= INFORMATION PROVIDED =
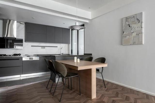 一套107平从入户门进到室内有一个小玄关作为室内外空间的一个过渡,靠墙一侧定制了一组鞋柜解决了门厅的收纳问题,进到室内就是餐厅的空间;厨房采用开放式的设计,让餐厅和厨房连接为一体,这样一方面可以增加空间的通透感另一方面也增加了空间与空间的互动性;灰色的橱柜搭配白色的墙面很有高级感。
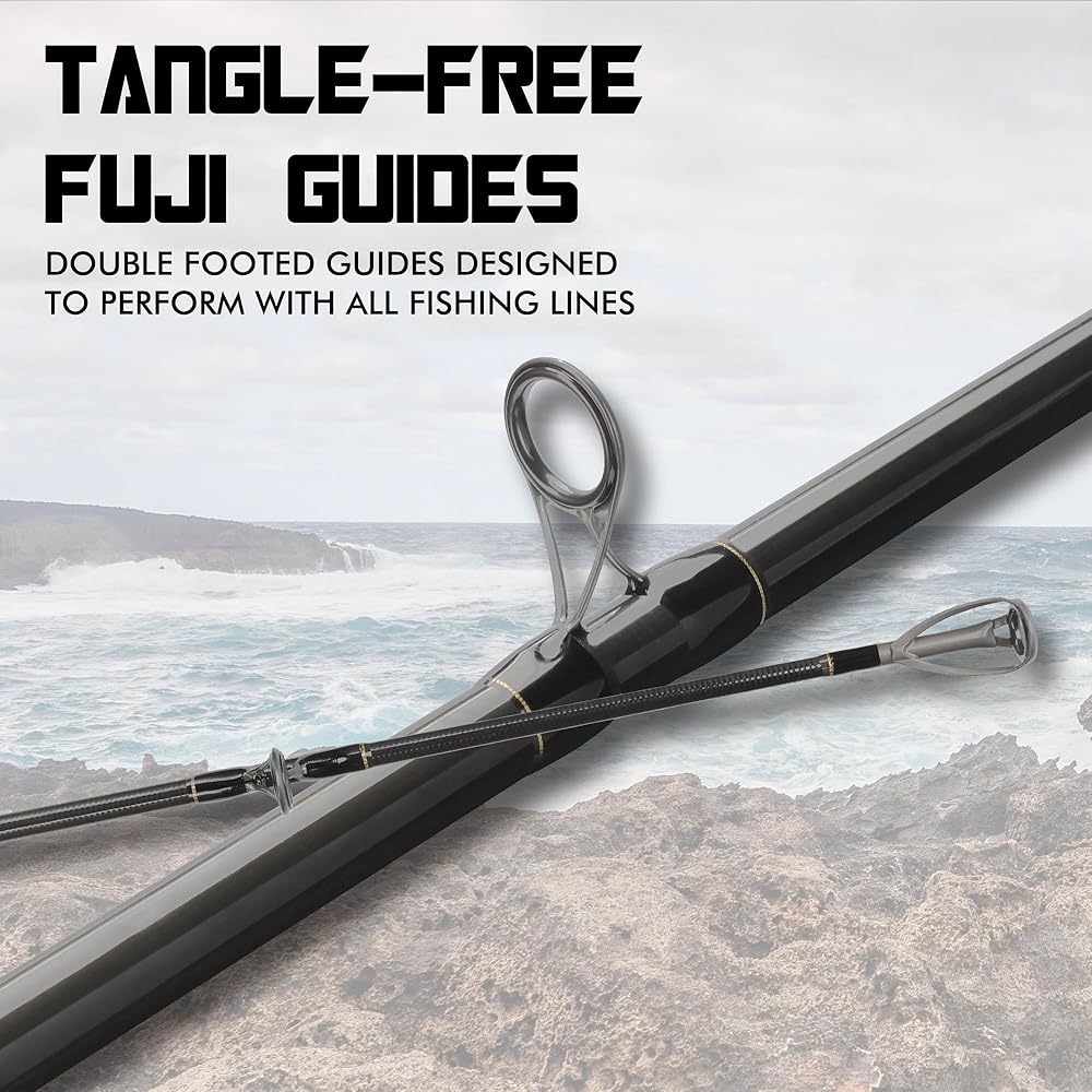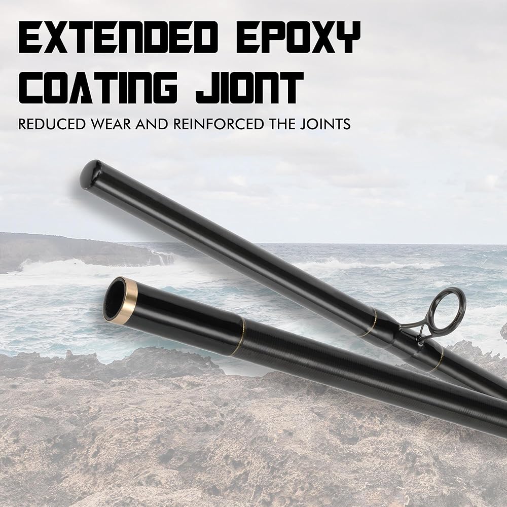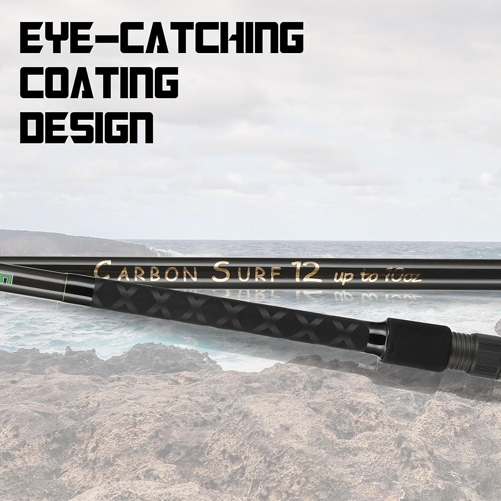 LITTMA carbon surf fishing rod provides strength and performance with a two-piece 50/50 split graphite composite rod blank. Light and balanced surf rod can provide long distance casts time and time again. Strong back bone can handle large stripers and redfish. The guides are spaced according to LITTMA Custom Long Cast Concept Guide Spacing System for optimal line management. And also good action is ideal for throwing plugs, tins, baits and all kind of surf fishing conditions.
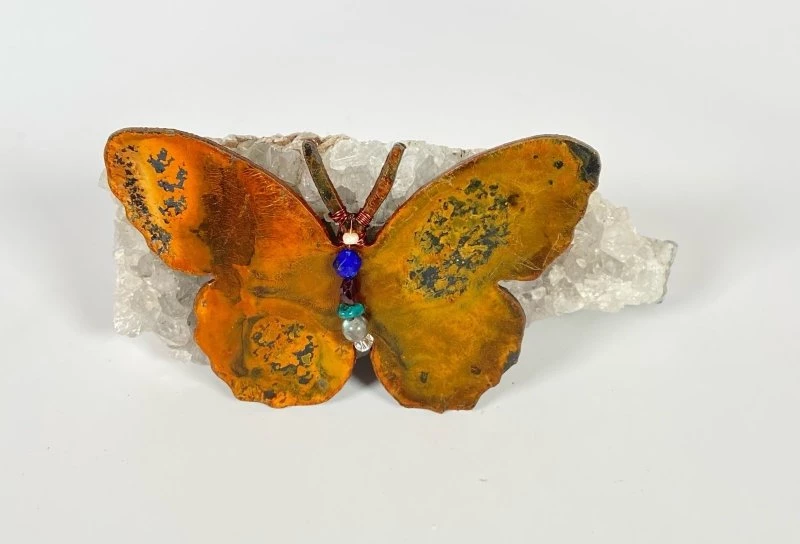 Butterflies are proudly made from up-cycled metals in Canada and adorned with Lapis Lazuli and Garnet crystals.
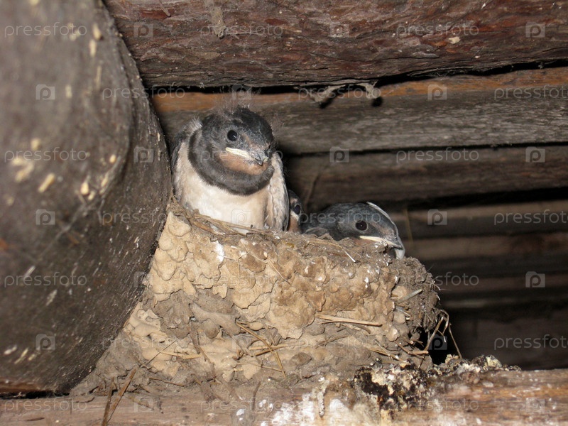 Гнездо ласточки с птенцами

---

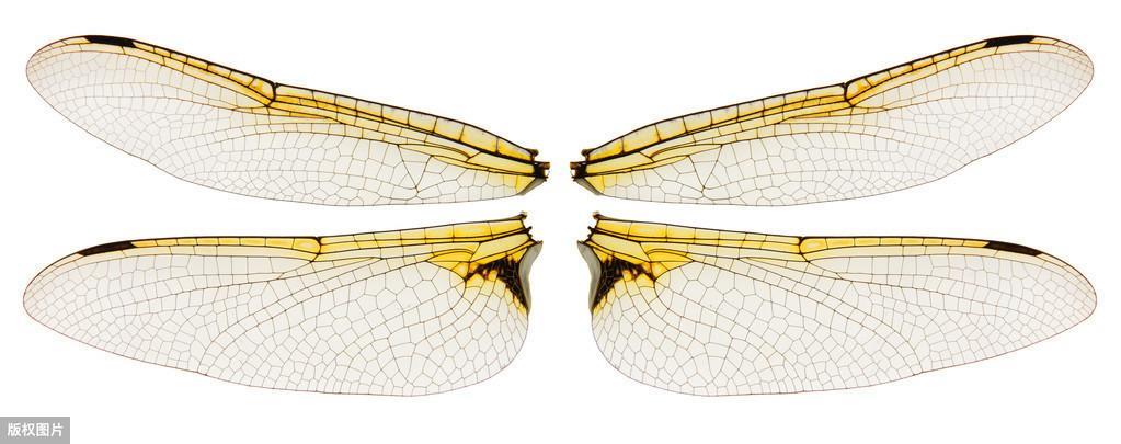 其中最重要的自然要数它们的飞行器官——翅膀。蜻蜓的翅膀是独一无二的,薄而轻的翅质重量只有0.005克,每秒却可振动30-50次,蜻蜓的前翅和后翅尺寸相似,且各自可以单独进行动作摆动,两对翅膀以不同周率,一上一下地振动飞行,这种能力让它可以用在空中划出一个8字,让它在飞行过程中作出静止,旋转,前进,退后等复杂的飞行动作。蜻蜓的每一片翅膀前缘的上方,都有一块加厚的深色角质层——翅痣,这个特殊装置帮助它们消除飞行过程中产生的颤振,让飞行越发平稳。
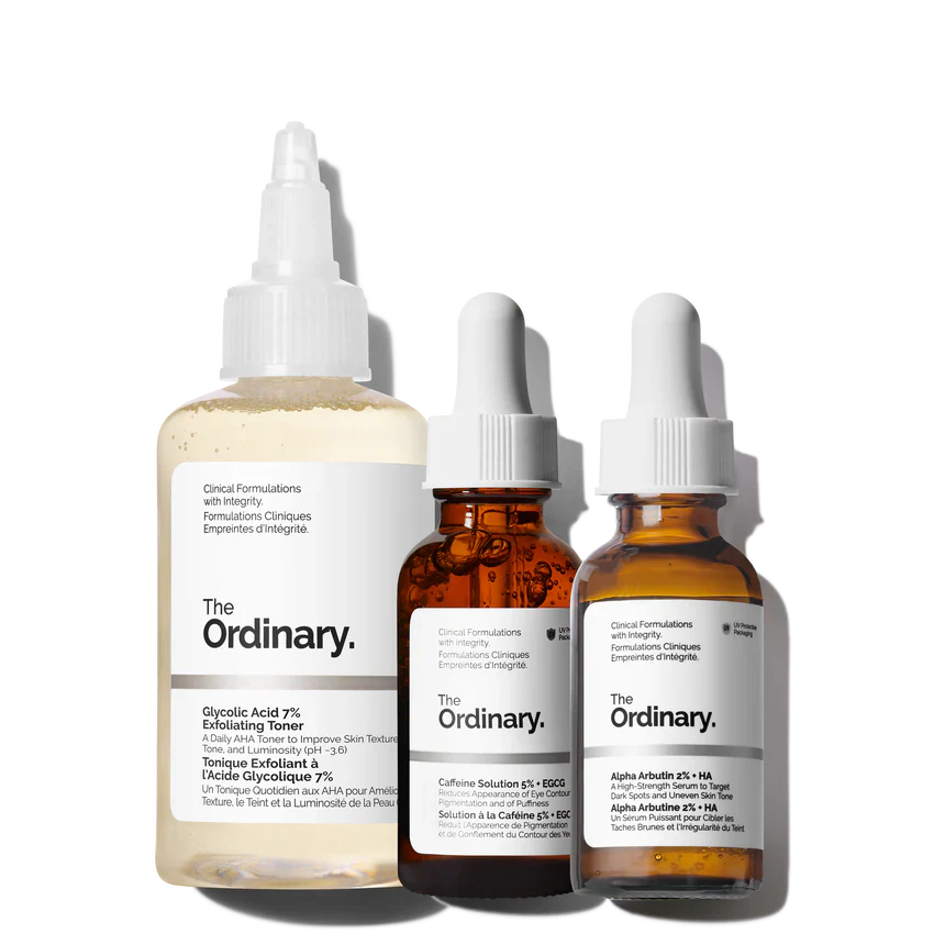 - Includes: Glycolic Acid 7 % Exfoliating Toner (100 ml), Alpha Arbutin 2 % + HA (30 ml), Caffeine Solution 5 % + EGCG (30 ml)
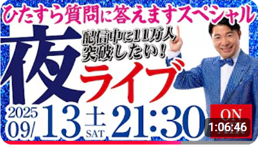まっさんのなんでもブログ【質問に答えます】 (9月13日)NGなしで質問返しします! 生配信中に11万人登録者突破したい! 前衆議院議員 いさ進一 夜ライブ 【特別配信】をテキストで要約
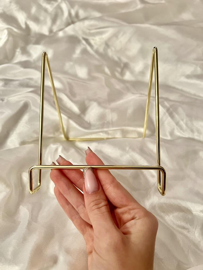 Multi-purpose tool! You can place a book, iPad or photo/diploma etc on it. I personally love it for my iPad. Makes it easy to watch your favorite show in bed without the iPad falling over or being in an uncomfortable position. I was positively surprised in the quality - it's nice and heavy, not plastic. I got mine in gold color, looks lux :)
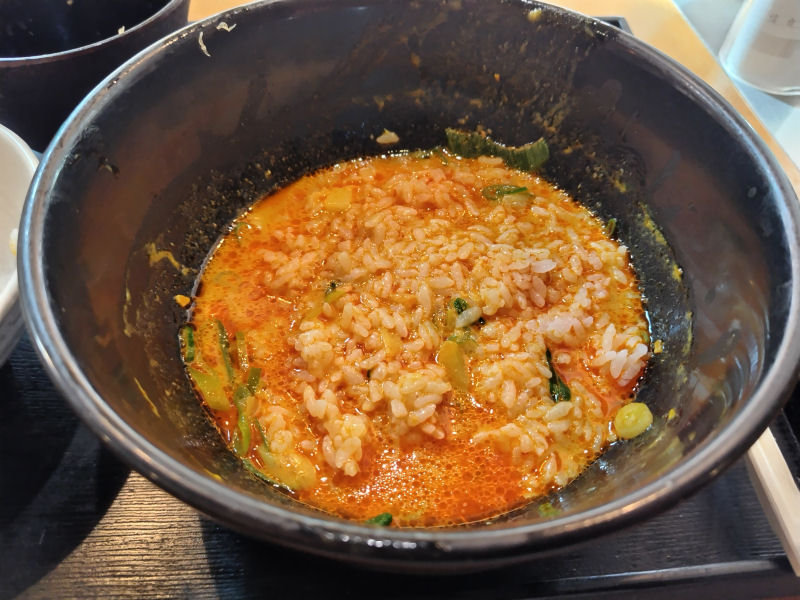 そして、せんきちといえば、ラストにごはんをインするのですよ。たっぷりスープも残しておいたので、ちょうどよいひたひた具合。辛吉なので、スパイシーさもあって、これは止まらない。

---

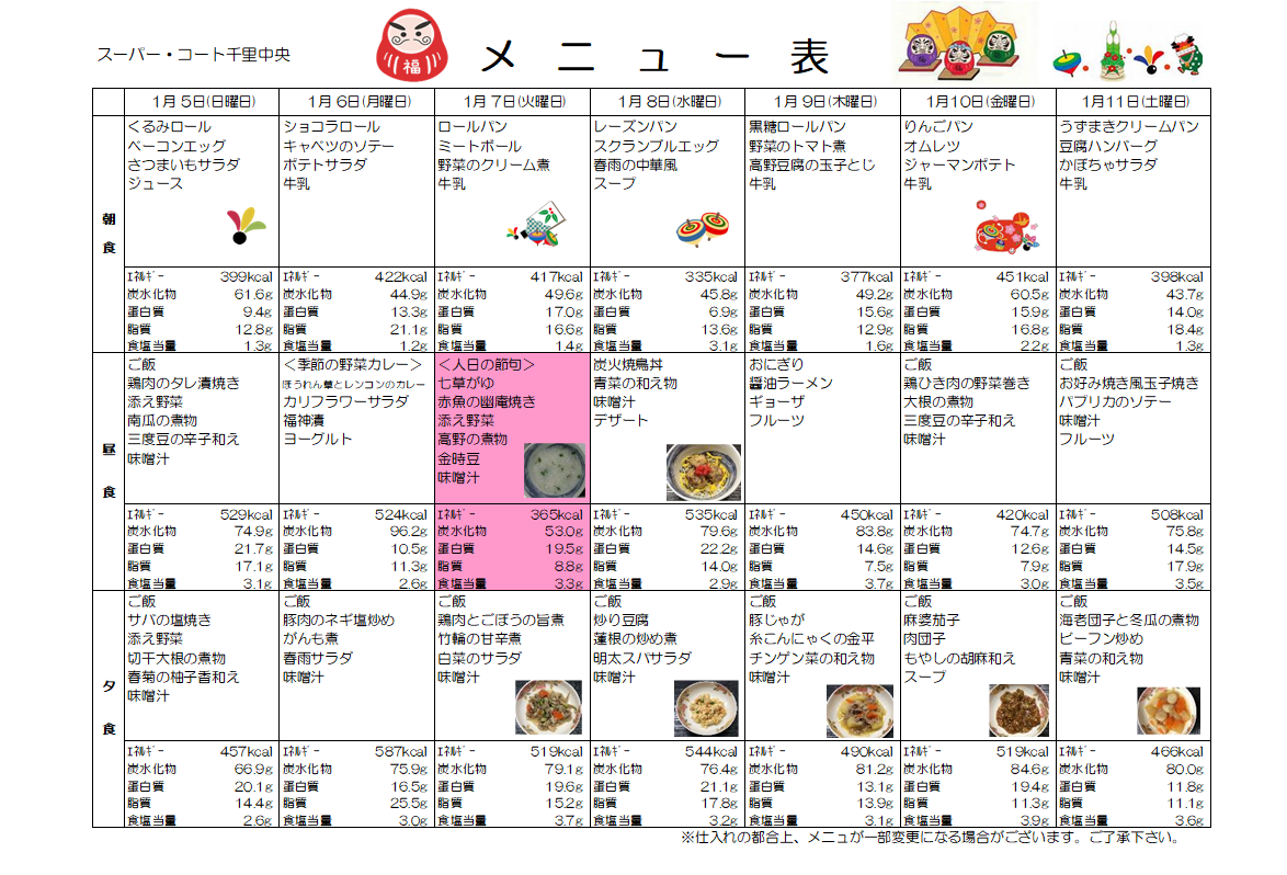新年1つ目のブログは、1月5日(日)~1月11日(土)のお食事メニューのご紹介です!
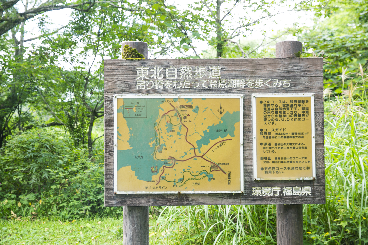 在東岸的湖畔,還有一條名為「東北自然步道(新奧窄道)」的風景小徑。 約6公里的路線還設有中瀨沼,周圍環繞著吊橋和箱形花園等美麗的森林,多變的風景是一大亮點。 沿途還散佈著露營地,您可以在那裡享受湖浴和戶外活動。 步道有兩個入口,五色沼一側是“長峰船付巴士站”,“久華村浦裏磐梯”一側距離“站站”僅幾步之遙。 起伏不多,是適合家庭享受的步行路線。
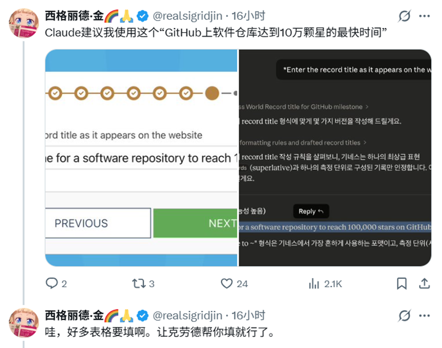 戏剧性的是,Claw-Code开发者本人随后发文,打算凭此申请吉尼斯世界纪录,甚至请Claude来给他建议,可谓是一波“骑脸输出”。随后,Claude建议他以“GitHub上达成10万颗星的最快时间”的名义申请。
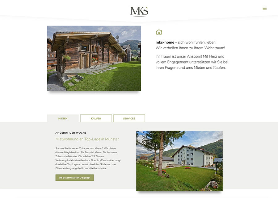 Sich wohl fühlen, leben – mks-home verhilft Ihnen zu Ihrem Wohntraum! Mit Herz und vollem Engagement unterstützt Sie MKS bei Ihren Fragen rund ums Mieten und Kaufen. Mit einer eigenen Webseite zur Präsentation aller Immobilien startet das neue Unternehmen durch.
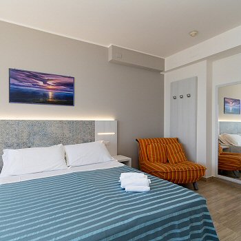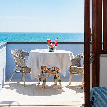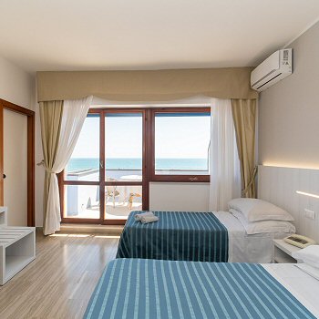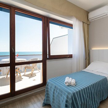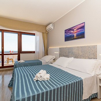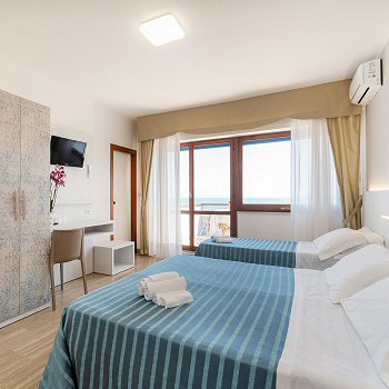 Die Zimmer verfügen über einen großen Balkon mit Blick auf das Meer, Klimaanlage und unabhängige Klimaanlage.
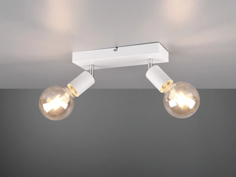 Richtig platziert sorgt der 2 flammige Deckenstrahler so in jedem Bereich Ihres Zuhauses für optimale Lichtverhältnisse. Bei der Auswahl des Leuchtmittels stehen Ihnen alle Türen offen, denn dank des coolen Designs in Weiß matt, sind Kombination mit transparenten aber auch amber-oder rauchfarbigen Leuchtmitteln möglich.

= YOUR INSTRUCTIONS =
Output exactly those lines of the data above that run from the line with "一套107平从入户门进到室内" up to and including the line with "Гнездо ласточки с птенцами". No pictures go in.

= YOUR RESPONSE =
 一套107平从入户门进到室内有一个小玄关作为室内外空间的一个过渡,靠墙一侧定制了一组鞋柜解决了门厅的收纳问题,进到室内就是餐厅的空间;厨房采用开放式的设计,让餐厅和厨房连接为一体,这样一方面可以增加空间的通透感另一方面也增加了空间与空间的互动性;灰色的橱柜搭配白色的墙面很有高级感。
 LITTMA carbon surf fishing rod provides strength and performance with a two-piece 50/50 split graphite composite rod blank. Light and balanced surf rod can provide long distance casts time and time again. Strong back bone can handle large stripers and redfish. The guides are spaced according to LITTMA Custom Long Cast Concept Guide Spacing System for optimal line management. And also good action is ideal for throwing plugs, tins, baits and all kind of surf fishing conditions.
 Butterflies are proudly made from up-cycled metals in Canada and adorned with Lapis Lazuli and Garnet crystals.
 Гнездо ласточки с птенцами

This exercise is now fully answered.